So, what do you feed your dog(s)? op2:


----------



## Labmom4 (Feb 1, 2011)

I feed Great Life. Love it! My dogs look amazing on it. Before that, I fed Canidae ALS for many years. I give a RMB once a week or so and also an egg once a week. Sometimes I'll give them sardines too.


----------



## StellaLucyDesi (Jun 19, 2008)

Recently, I've become a Demo Rep for Nature's Variety so I do use the food lol. My 4 dogs get either NV new LID Turkey kibble or Halo kibble topped with a variety of high quality canned food (like NV, Wellness 95%, Halo, Fromm, BB, etc.) for their morning meal. In the evening they get NV raw medallions (I use either the Organic Chicken or Beef). I would love to feed them total raw medallions, but others sometimes feed them or they get boarded sometimes and I wouldn't trust them to do it right. For treats, they get small, soft treats called Real Meat Treats, biscuits are NV, Halo or Newman's Own small biscuits, chews are either Get Naked chews or Merrick Texas Toothpicks, Merrick Lamb Ears, sometimes a raw bone from NV.

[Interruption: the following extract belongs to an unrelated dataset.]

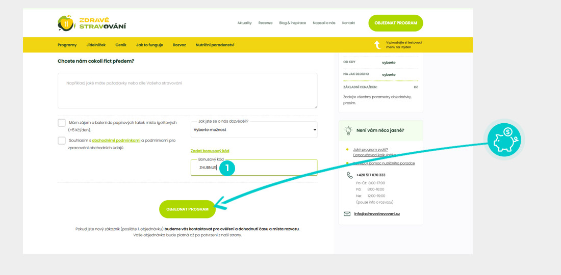 E-shop čas od času přichází se slevami na objednávku. Při větší objednávce může poskytovat vyšší slevu. A můžete si také vyzkoušet testovací menu na týden.

My 2 cats are fed a little differently, since 1 is going on 22 years old! My 5 year old cat, Princess, gets Acana or NV LID kibble and Wellness grainfree pouches. I'm gonna try Halo cans with her, too. She doesn't like the NV can food. My 22 year old, Smokey, eats Holistic Select Duck kibble because it's the only one she will eat. And it doesn't make her throw up lol. She also gets Wellness grainfree pouches. Same as Princess, I'm gonna try Halo with her. She also doesn't like NV can food. I would love to feed both of them NV raw medallions, but they will have none of it lol.


----------



## Miss Bugs (Jul 4, 2011)

6 of my dogs get raw, home made most of the time, but the 4 who come to work with me, get Grandma Lucy's dehydrated raw for whatever meal they eat at work. 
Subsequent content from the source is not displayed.